A data generator that produces data points in hyperrectangular subspace clusters.

Valid options are:

 -h
  Prints this help.

 -o <file>
  The name of the output file, otherwise the generated data is
  printed to stdout.

 -r <name>
  The name of the relation.

 -d
  Whether to print debug informations.

 -S
  The seed for random function (default 1)

 -a <num>
  The number of attributes (default 1).

 -c
  Class Flag, if set, the cluster is listed in extra attribute.

 -b <range>
  The indices for boolean attributes.

 -m <range>
  The indices for nominal attributes.

 -P <num>
  The noise rate in percent (default 0.0).
  Can be between 0% and 30%. (Remark: The original 
  algorithm only allows noise up to 10%.)

 -C <cluster-definition>
  A cluster definition of class 'SubspaceClusterDefinition'
  (definition needs to be quoted to be recognized as 
  a single argument).

 
 Options specific to weka.datagenerators.clusterers.SubspaceClusterDefinition:

 -A <range>
  Generates randomly distributed instances in the cluster.

 -U <range>
  Generates uniformly distributed instances in the cluster.

 -G <range>
  Generates gaussian distributed instances in the cluster.

 -D <num>,<num>
  The attribute min/max (-A and -U) or mean/stddev (-G) for
  the cluster.

 -N <num>..<num>
  The range of number of instances per cluster (default 1..50).

 -I
  Uses integer instead of continuous values (default continuous).
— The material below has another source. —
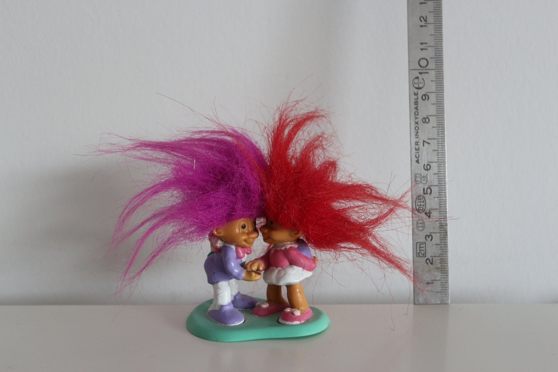 Laat deze Vintage Trollen figuurtjes paars en rood haar (stel) niet aan je voorbijgaan! Met hun unieke vintage charme zijn ze perfect voor iedere verzamelaar of als een opvallende decoratie in je huis. Bestel vandaag nog en voeg een vleugje vintage magie toe aan je leven!

Version:: $Revision: 1.5 $
Author:: Gabi Schmidberger (gabi@cs.waikato.ac.nz), FracPete (fracpete at waikato dot ac dot nz)
See Also:: Serialized Form

Field Summary

Fields
Modifier and Type	Field and Description
`static int`	`CONTINUOUS` cluster subtype: continuous
`static int`	`GAUSSIAN` cluster type: gaussian
`static int`	`INTEGER` cluster subtype: integer
`static Tag[]`	`TAGS_CLUSTERSUBTYPE` the tags for the cluster types
`static Tag[]`	`TAGS_CLUSTERTYPE` the tags for the cluster types
`static int`	`TOTAL_UNIFORM` cluster type: total uniform
`static int`	`UNIFORM_RANDOM` cluster type: uniform/random

Constructor Summary

Constructors
Constructor and Description

SubspaceCluster()
initializes the generator, sets the number of clusters to 0, since user has to specify them explicitly

Constructors
Constructor and Description
`SubspaceCluster()` initializes the generator, sets the number of clusters to 0, since user has to specify them explicitly

Method Summary

All Methods Static Methods Instance Methods Concrete Methods
Modifier and Type	Method and Description
`java.lang.String`	`clusterDefinitionsTipText()` Returns the tip text for this property
`Instances`	`defineDataFormat()` Initializes the format for the dataset produced.
`Instance`	`generateExample()` Generate an example of the dataset.
`Instances`	`generateExamples()` Generate all examples of the dataset.
`java.lang.String`	`generateFinished()` Compiles documentation about the data generation after the generation process
`java.lang.String`	`generateStart()` Compiles documentation about the data generation before the generation process
`ClusterDefinition[]`	`getClusterDefinitions()` returns the currently set clusters
`double`	`getNoiseRate()` Gets the percentage of noise set.
`int[]`	`getNumValues()` returns array that stores the number of values for a nominal attribute.
`java.lang.String[]`	`getOptions()` Gets the current settings of the datagenerator.
`java.lang.String`	`getRevision()` Returns the revision string.
`boolean`	`getSingleModeFlag()` Gets the single mode flag.
`java.lang.String`	`globalInfo()` Returns a string describing this data generator.
`boolean`	`isBoolean(int index)` Returns true if attribute is boolean
`boolean`	`isNominal(int index)` Returns true if attribute is nominal
`java.util.Enumeration`	`listOptions()` Returns an enumeration describing the available options.
`static void`	`main(java.lang.String[] args)` Main method for testing this class.
`java.lang.String`	`noiseRateTipText()` Returns the tip text for this property
`java.lang.String`	`numAttributesTipText()` Returns the tip text for this property
`void`	`setClusterDefinitions(ClusterDefinition[] value)` sets the clusters to use
`void`	`setNoiseRate(double newNoiseRate)` Sets the percentage of noise set.
`void`	`setNumAttributes(int numAttributes)` Sets the number of attributes the dataset should have.
`void`	`setOptions(java.lang.String[] options)` Parses a list of options for this object.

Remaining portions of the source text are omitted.